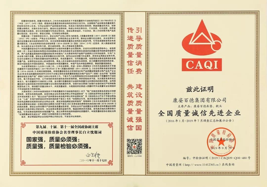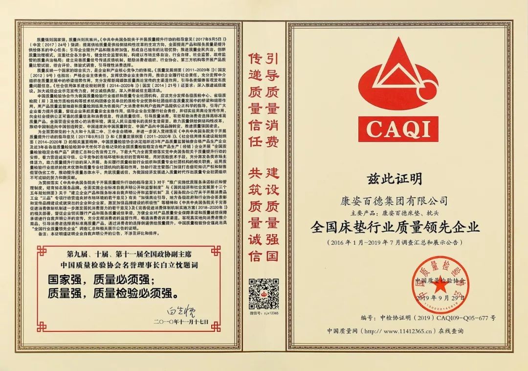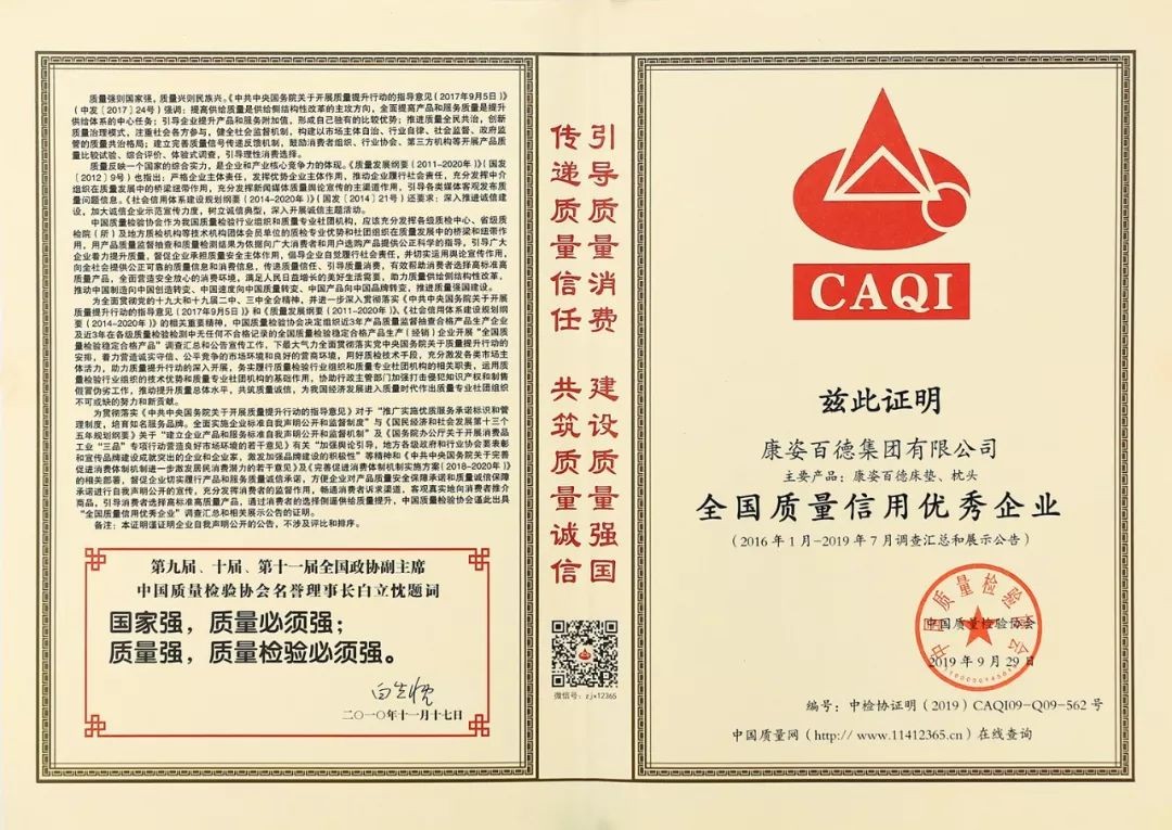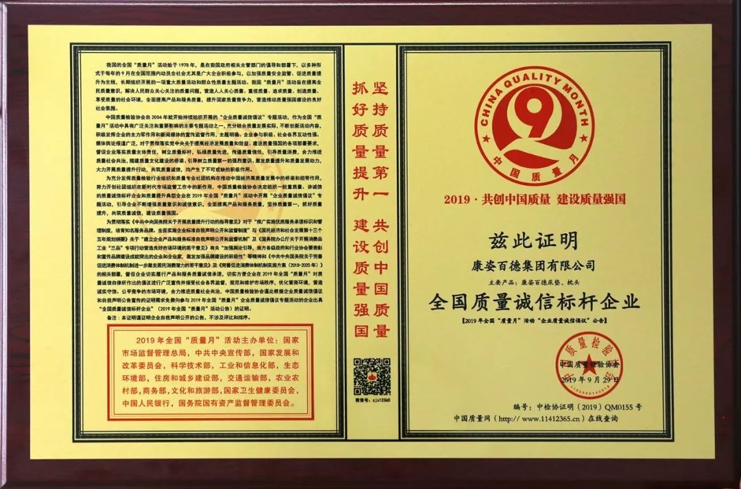在國家市場監(jiān)督管理總局聯(lián)合中共中央宣傳部、國家發(fā)展和改革委員會等14個部門部署開展的2019年“質(zhì)量月”活動中,康姿百德再獲權威機構(gòu)的肯定與認可,被授予2019年度“全國質(zhì)量誠信標桿企業(yè)”。
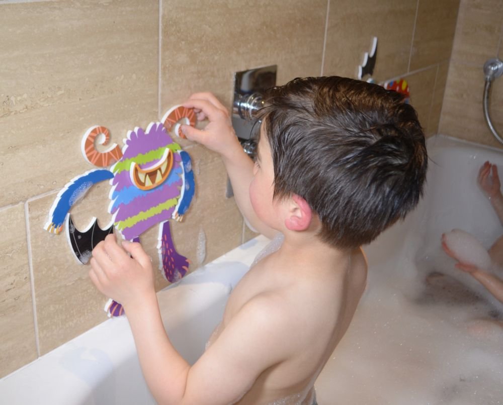 Rinkinį sudaro 30 monstriukų lipdukų ir tinklas. Kiekvienas elementas puikiai dera su kitais, suteikdamas visišką laisvę maišyti ir derinti monstriukus. Rinkinio elementai pagaminti iš specialaus putplasčio. Dėl šios medžiagos pakanka šiek tiek vandens, kad jie priliptų. Maudantis lipdukus galima klijuoti ant vonios, plytelių, stiklo ar net vienas ant kito, kaskart iš naujo kuriant vonios kambario peizažus. Puiki pramoga garantuojama! Elementai neskęsta, todėl jais galima smagiai žaisti ir ant vandens paviršiaus. Amžius: 3 metai ir vyresni. Tinklo matmenys: 23 x 27 cm. Atitinka CE standartus.
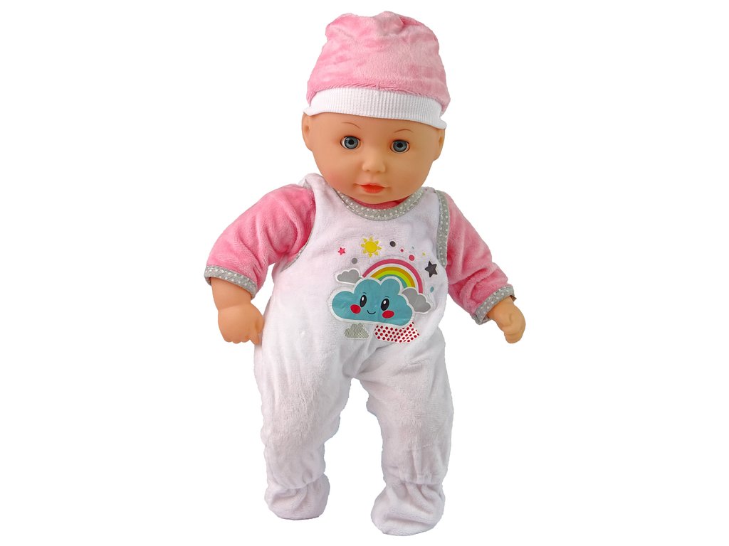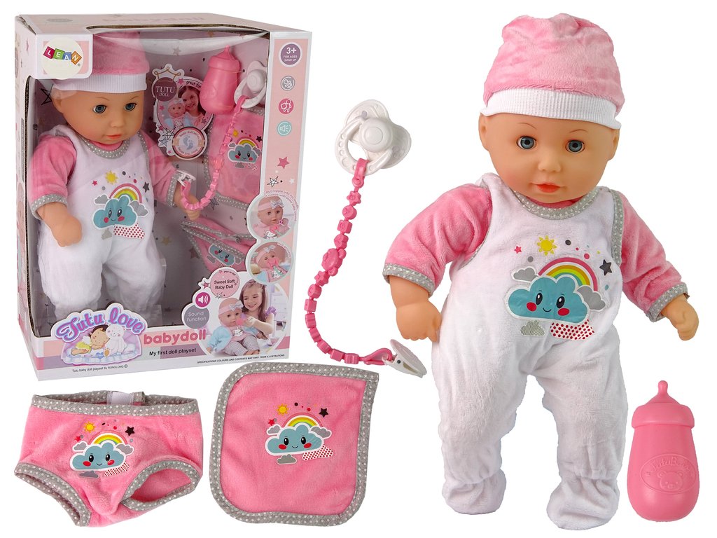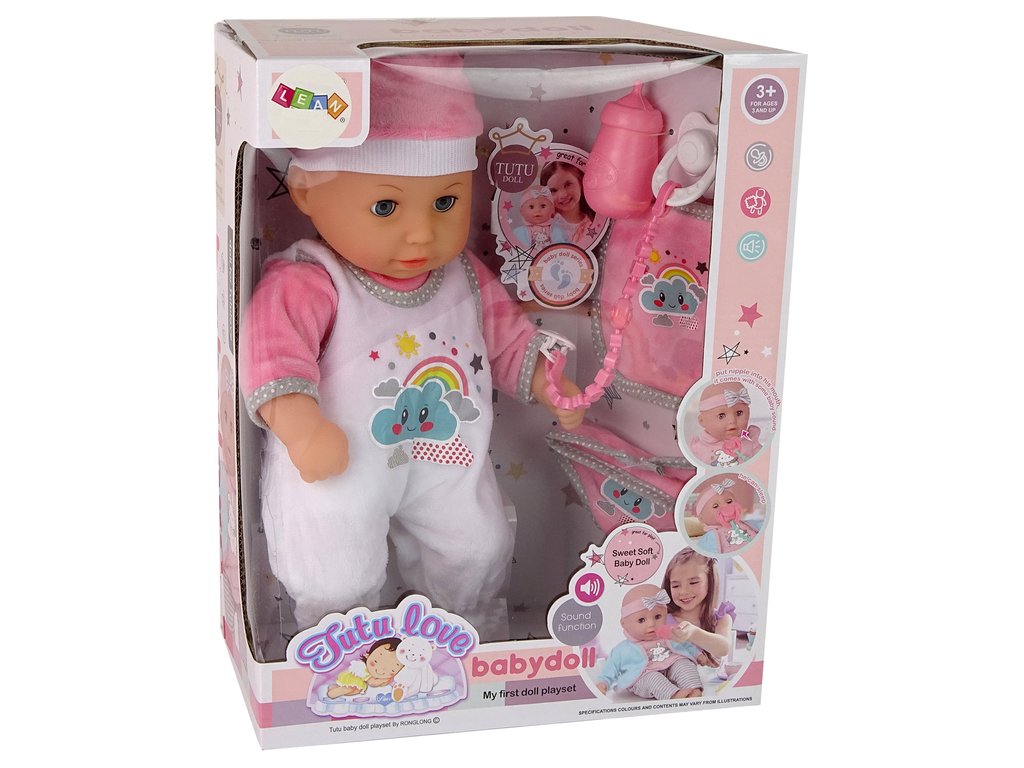 A babának csukódó szeme van, és cumit szív - csak tegyél egy üveget vagy cumit a baba szájába, és jellegzetes szopási hangokat fogsz hallani. A babának mozgatható karjai, lábai és feje van.
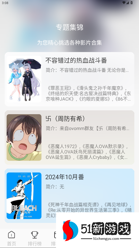 1、热门排名:我们为一些热门动漫作品创建了独家排名,您可以通过查看排名找到您最喜欢的资源;
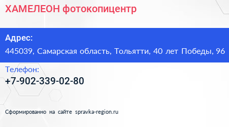 ХАМЕЛЕОН, фотокопицентр по адресу 445039, Самарская область, Тольятти, 40 лет Победы, 96 в дальнейшем Организация, размещена в следующих категориях:
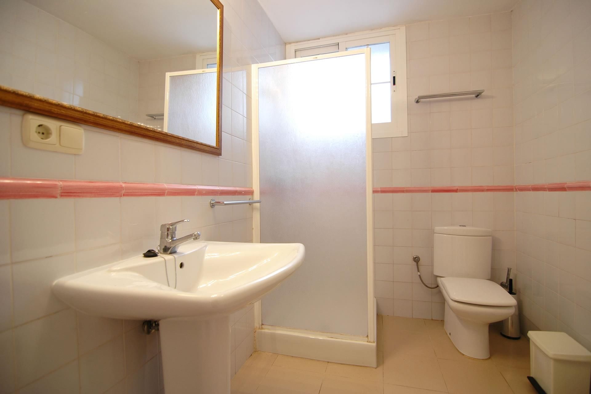 - badkamer met wastafel, douche/badcombinatie en toilet
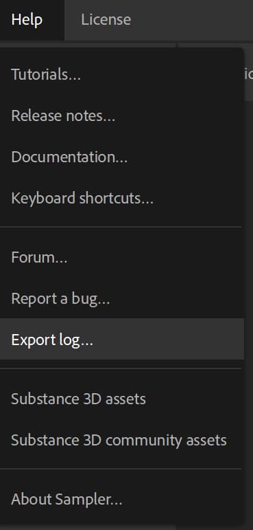The log file can be directly exported from Substance3D Sampler by going to the Help menu and selecting the Export log file item.
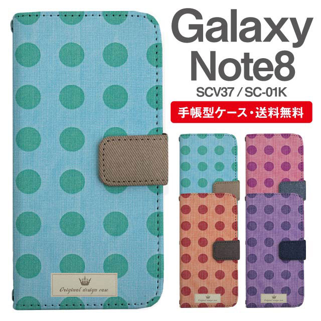 スマホケース 手帳型 Galaxy Note8 ギャラクシー SC-01K SCV37 携帯ケース カバー 送料無料 ドット 水玉 ポルカドット agesugi_ssm
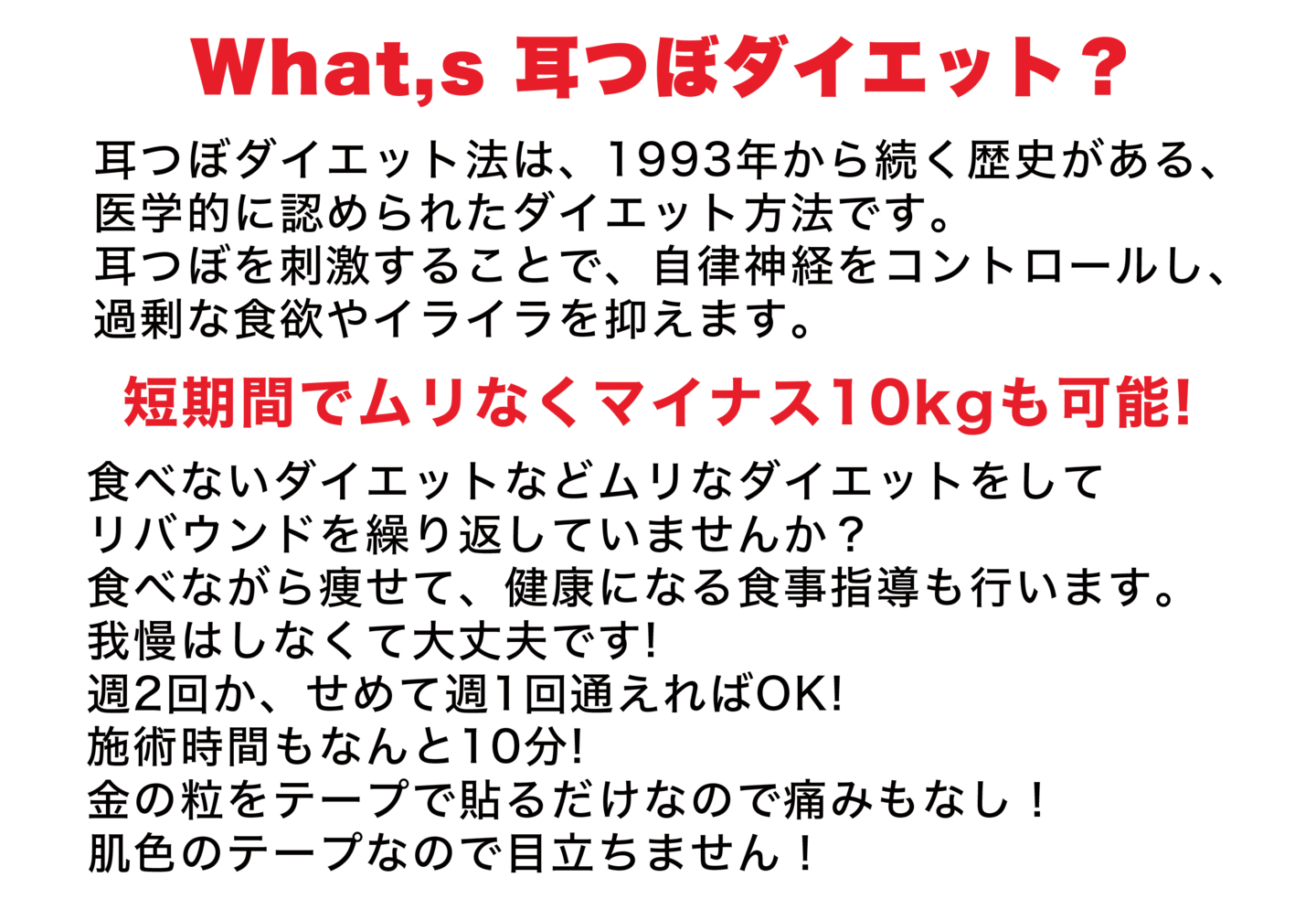 「食事制限なし!」「無理な運動なし!」「リバウンドなし!」耳つぼにはダイエット効果があるツボが存在します!
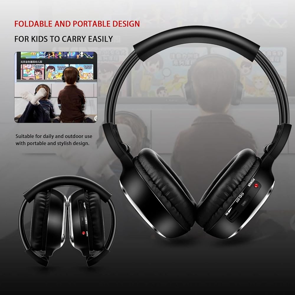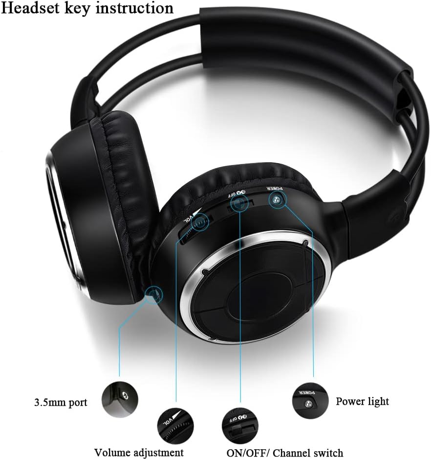 1) قناة مزدوجة (قناة A أو B) متصلة لأنظمة فيديو IR DVD/Video Systems 2) جودة صوت واضحة لكل من القناة وبدون تداخل 3) إيقاف تلقائي بعد 10 دقائق بدون إشارة لضمان أقصى عمر للبطارية 4) عصابة رأس متعددة المستويات، مدخل صوت 3.5 مم لأي جهاز MP3، آيبود/آيباد وأجهزة محمولة
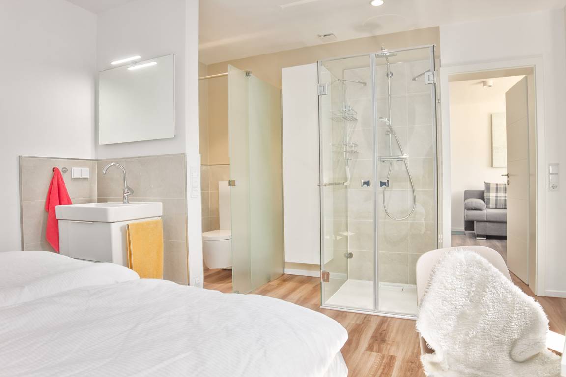 Die vollverglaste, ebenerdige Dusche sowie das Waschbecken befinden sich im Schlafzimmerbereich. Der kleine WC-Bereich mit Geberit-WC und Handwaschbecken ist privatissime vom Schlafbereich durch eine Schiebetüranlage mit Sandstrahlglas abgetrennt.
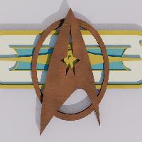 Model of the uniform badge from the Star Trek: The Wrath of Khan era "Monster Maroon" uniforms. This model was eyeballed looking at screen used props so the dimensions may not be accurate!
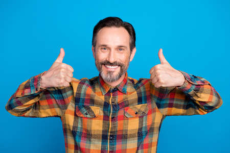 Photo of crazy excited guy shiny smile raise two thumbs up wear plaid shirt bow tie isolated blue color background
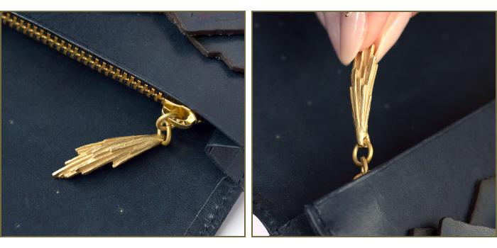強度を持たせる為、お財布の引手には真鍮素材を使用し、
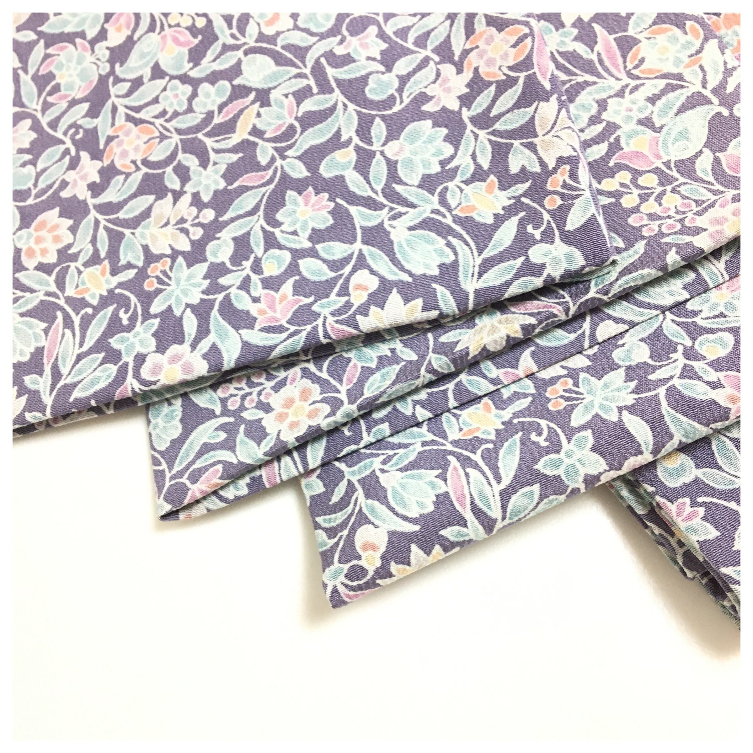 正絹素材の柔らかい小紋の反物で仕上げた半幅帯です。
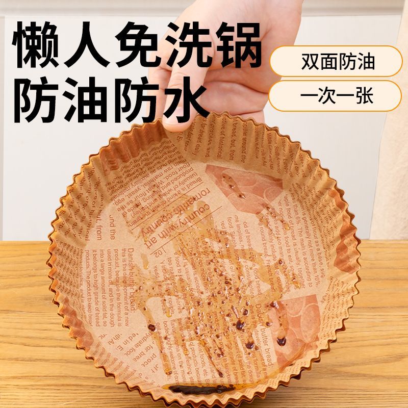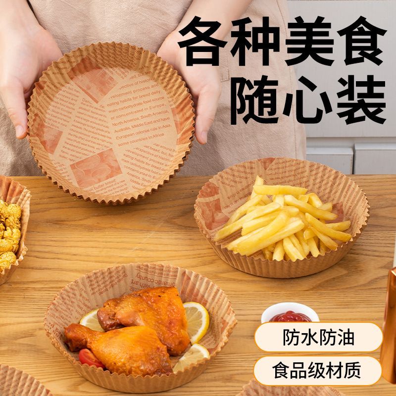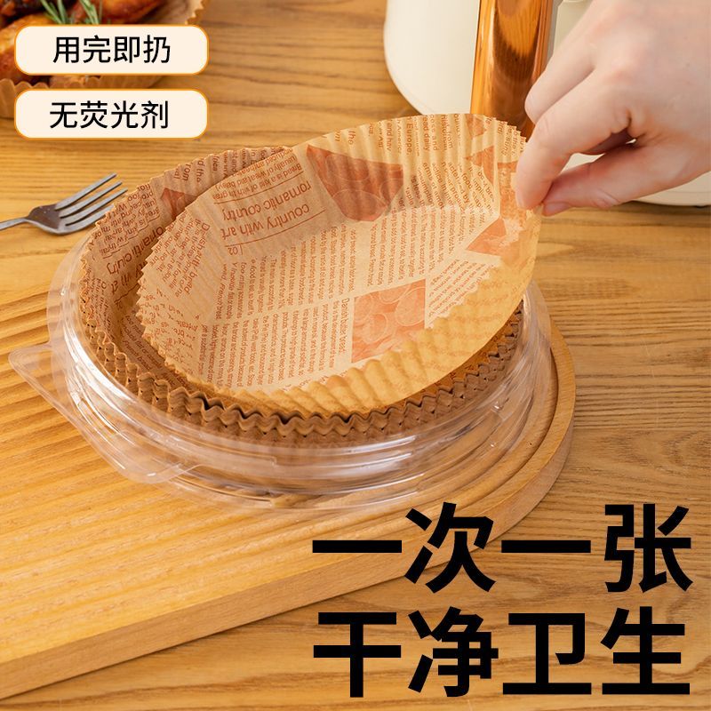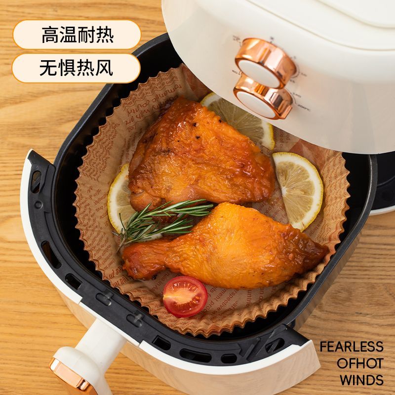 美式印刷圆形空气炸锅纸家用耐高温吸油纸垫食品级不粘烤箱烘焙纸
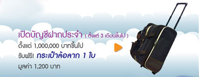 งแต่ 1,000,000 บาทขึ้นไป รับฟรี! กระเป๋าล้อลาก 1 ใบ มูลค่า 1,200 บาท

__PROBLEM TO WORK ON__.
The required result is an exact copy of the lines from the line containing "Model of the" through the end of the entries, with every picture left out.

__ANSWER TO THE PROBLEM__.
 Model of the uniform badge from the Star Trek: The Wrath of Khan era "Monster Maroon" uniforms. This model was eyeballed looking at screen used props so the dimensions may not be accurate!
 Photo of crazy excited guy shiny smile raise two thumbs up wear plaid shirt bow tie isolated blue color background
強度を持たせる為、お財布の引手には真鍮素材を使用し、
 正絹素材の柔らかい小紋の反物で仕上げた半幅帯です。
 美式印刷圆形空气炸锅纸家用耐高温吸油纸垫食品级不粘烤箱烘焙纸
 งแต่ 1,000,000 บาทขึ้นไป รับฟรี! กระเป๋าล้อลาก 1 ใบ มูลค่า 1,200 บาท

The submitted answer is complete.